Special Issue Editors

Guest Editor
Dr. Vincenzo Guarino Website E-Mail
Institute of Polymers, Composite and Biomaterials, National Research Council of Italy, Mostra D’Oltremare, Pad.20, V.le Kennedy 54, 80125, Naples, Italy
Interests: biomaterials; hydrogels; tissue engineering; electro fluid dynamic processes; drug delivery
Guest Editor
Dr. Liliana Pires Website E-Mail
International Iberian Nanotechnology Laboratory, Braga, Portugal
Interests: drug and gene delivery; transdermal drug delivery; microneedles; biosensing; biomedical drug delivery devices; controlled and feedback-induced drug delivery

Special Issue Information

Dear Colleagues,

The increasing demand of smart carriers with superior functionalities and release profiles is leading to the development of innovative processes or the re-definition of pre-existing ones to design bioinspired drug delivery systems (DDS), not only addressed to improve drug loading capabilities, but also to uptake cells and/or to release biomolecules (i.e., viruses, bacteria, genes, molecular fragments) and/or drugs within selected targets.

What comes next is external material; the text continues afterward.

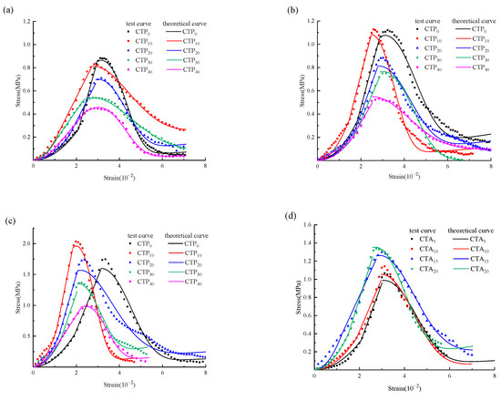 Formula (12) was fitted with the curve from the lab test results. It was found that the fitting results of CTB specimens containing brick powder and brick aggregate under different curing ages were relatively poor, and the differences were similar. Therefore, only CTB specimens containing brick powder at a curing age of 7 days were taken as examples, as shown in Figure 13.

Today, innovative delivery systems can be engineered by organic and/or inorganic particles with controlled chemical or physical properties able to reproduce/support specific functions of biological tissues with relevant benefits for therapeutic applications. Different functional biopolymers (i.e., soft gels, polyelectrolytes, conjugate polymers) can be successfully used to encapsulate cells and/or to administer drugs or biomolecules through highly programmable time and space delivery routes. Moreover, the addition of biological recognition sites (i.e., proteins, peptides, etc.) further allows more efficiently guide cellular activities and synchronizing responses to environmental stimulation, in order to design bioinspired DDS for in vivo targeting.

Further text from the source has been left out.